## The input:
=== Begin Enclosure ===

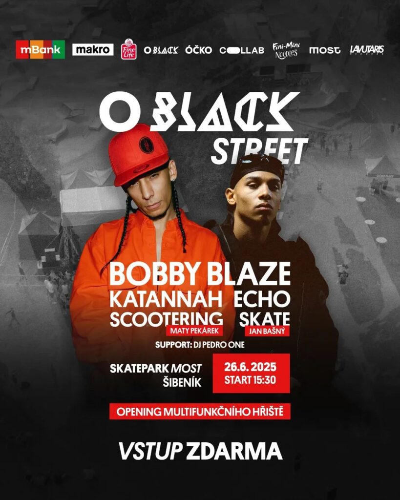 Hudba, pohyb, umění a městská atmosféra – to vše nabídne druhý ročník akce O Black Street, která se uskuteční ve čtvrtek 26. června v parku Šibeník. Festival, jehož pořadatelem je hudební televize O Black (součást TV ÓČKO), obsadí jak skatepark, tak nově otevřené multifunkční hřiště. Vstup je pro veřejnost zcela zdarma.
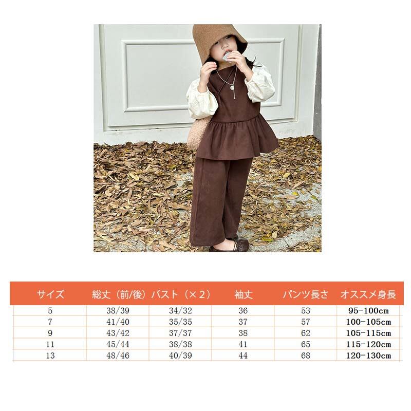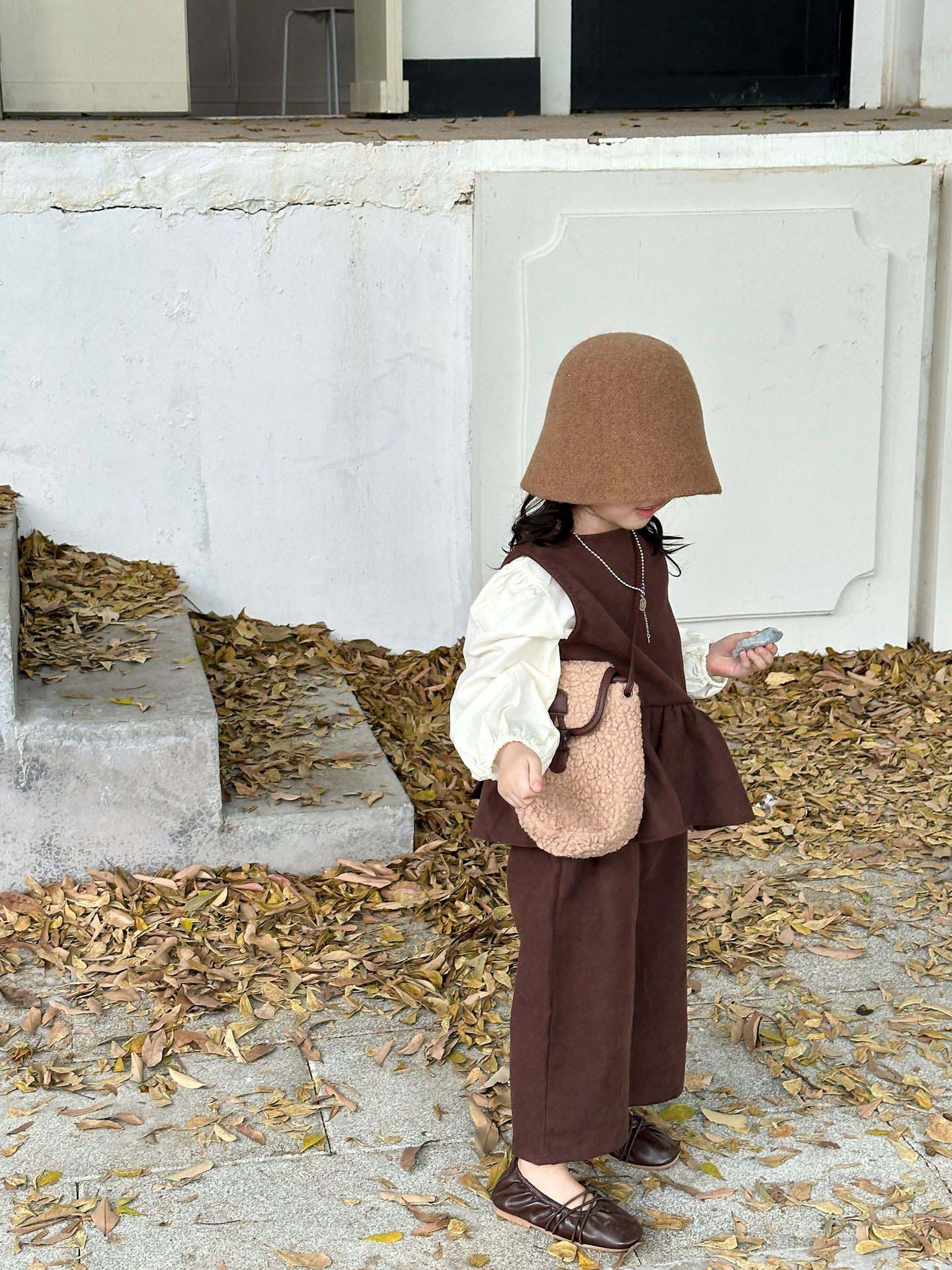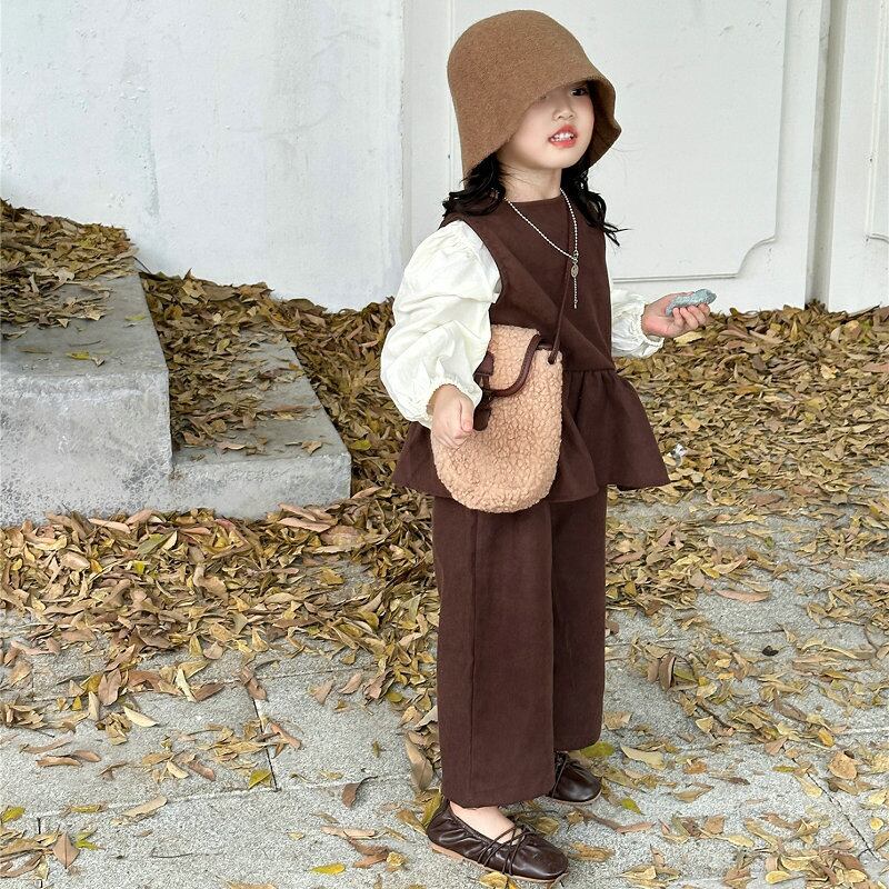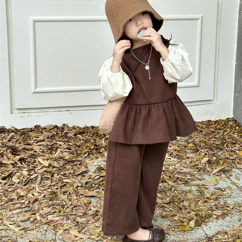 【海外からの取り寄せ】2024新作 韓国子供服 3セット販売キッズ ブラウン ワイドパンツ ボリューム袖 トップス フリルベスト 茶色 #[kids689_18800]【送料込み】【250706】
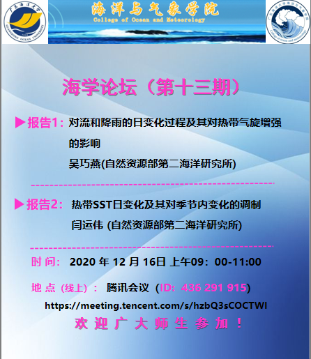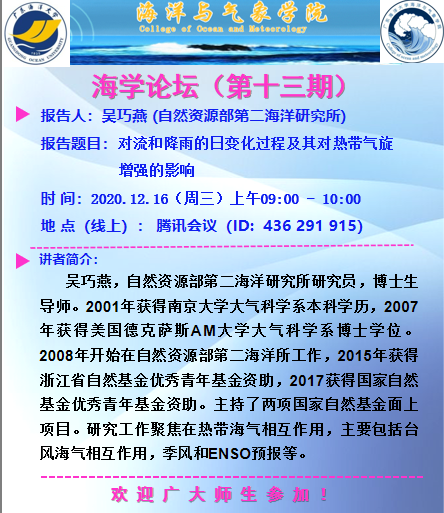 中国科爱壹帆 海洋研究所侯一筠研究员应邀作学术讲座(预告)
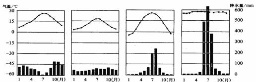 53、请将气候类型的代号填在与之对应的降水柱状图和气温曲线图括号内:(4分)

=== End Enclosure ===
=== Begin Enclosure ===

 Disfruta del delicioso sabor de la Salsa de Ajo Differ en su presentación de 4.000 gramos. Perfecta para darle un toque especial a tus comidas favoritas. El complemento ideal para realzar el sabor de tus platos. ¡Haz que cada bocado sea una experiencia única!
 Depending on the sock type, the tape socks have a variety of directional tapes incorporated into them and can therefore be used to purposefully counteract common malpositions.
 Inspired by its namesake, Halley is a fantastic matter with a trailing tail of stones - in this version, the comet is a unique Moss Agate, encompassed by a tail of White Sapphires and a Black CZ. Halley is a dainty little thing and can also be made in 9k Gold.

=== End Enclosure ===
=== Begin Enclosure ===

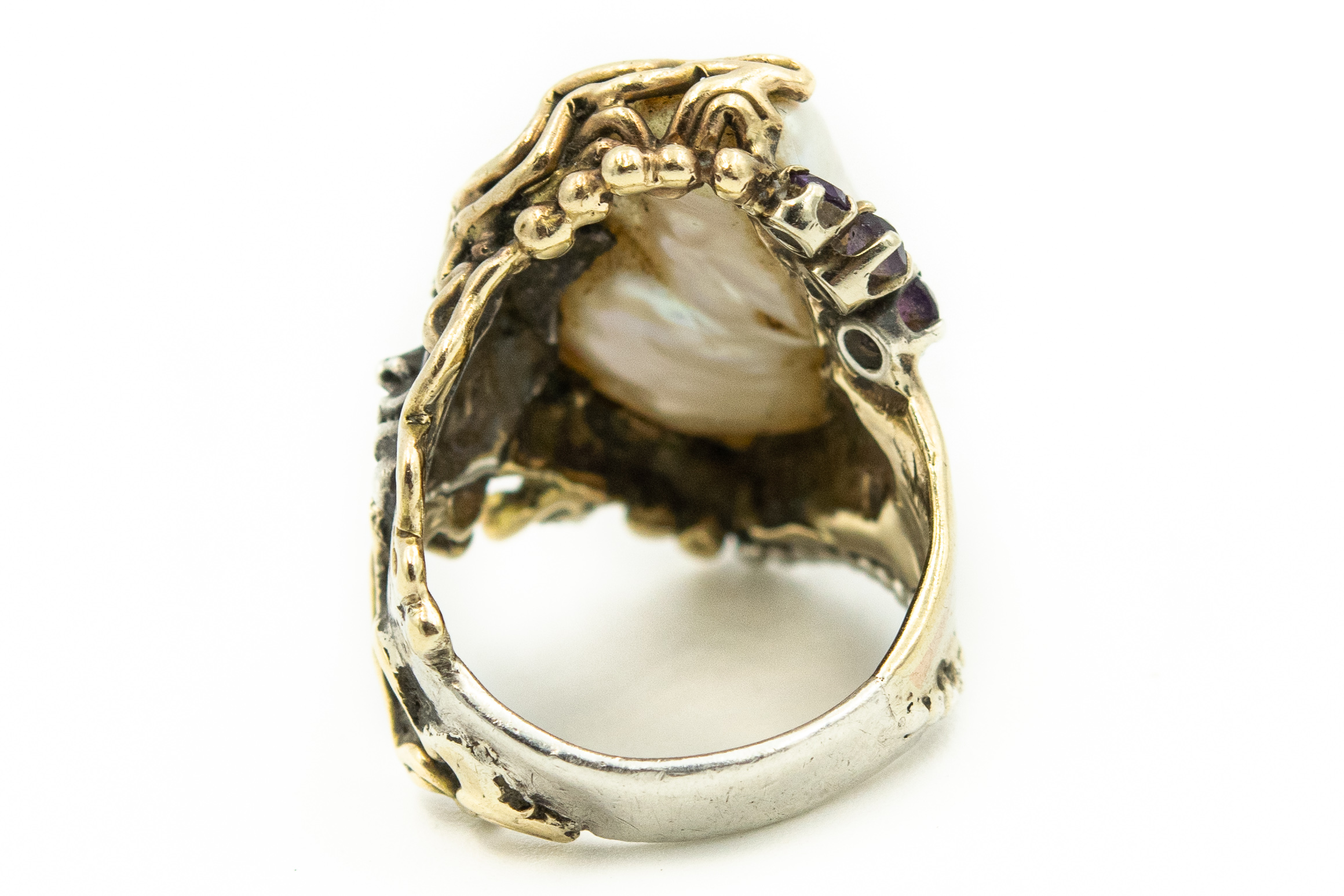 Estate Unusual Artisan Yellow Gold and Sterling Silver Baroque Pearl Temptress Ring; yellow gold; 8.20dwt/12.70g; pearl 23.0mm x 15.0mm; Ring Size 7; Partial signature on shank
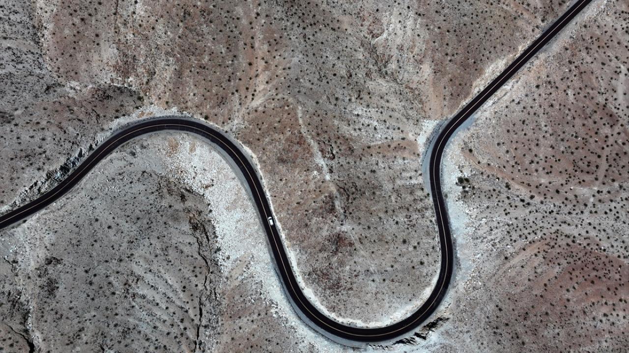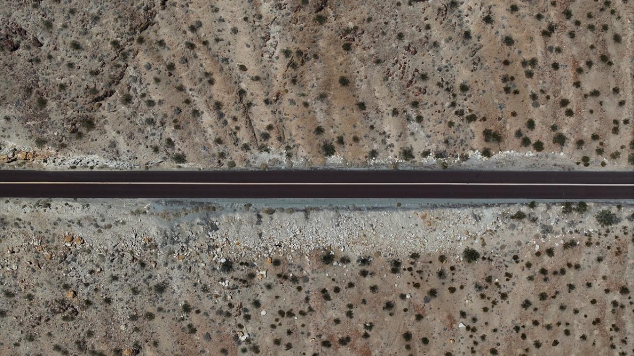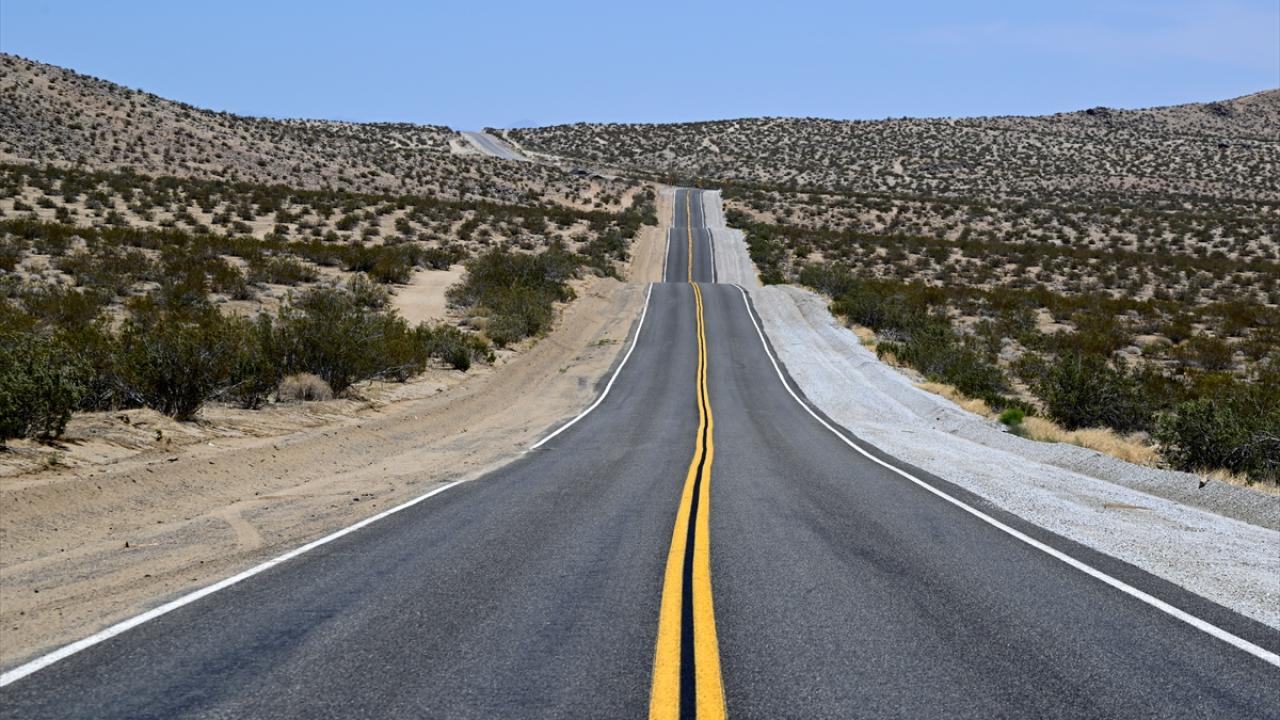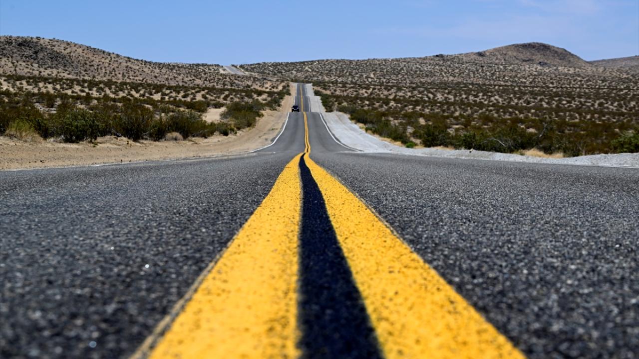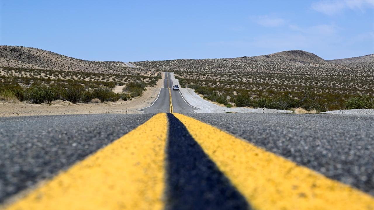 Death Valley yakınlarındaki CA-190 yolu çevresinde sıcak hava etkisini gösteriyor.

=== End Enclosure ===

Give back exactly the lines above from the one with "中国科爱壹帆 海洋研究所侯一筠研究员应邀作学术讲座(预告)" through the one with "53、请将气候类型的代号填在与之对应的降水柱状图和气温曲线图括号内:(4分)", both included. Pictures don't belong in the copy.

## Exercise response:
 中国科爱壹帆 海洋研究所侯一筠研究员应邀作学术讲座(预告)
 53、请将气候类型的代号填在与之对应的降水柱状图和气温曲线图括号内:(4分)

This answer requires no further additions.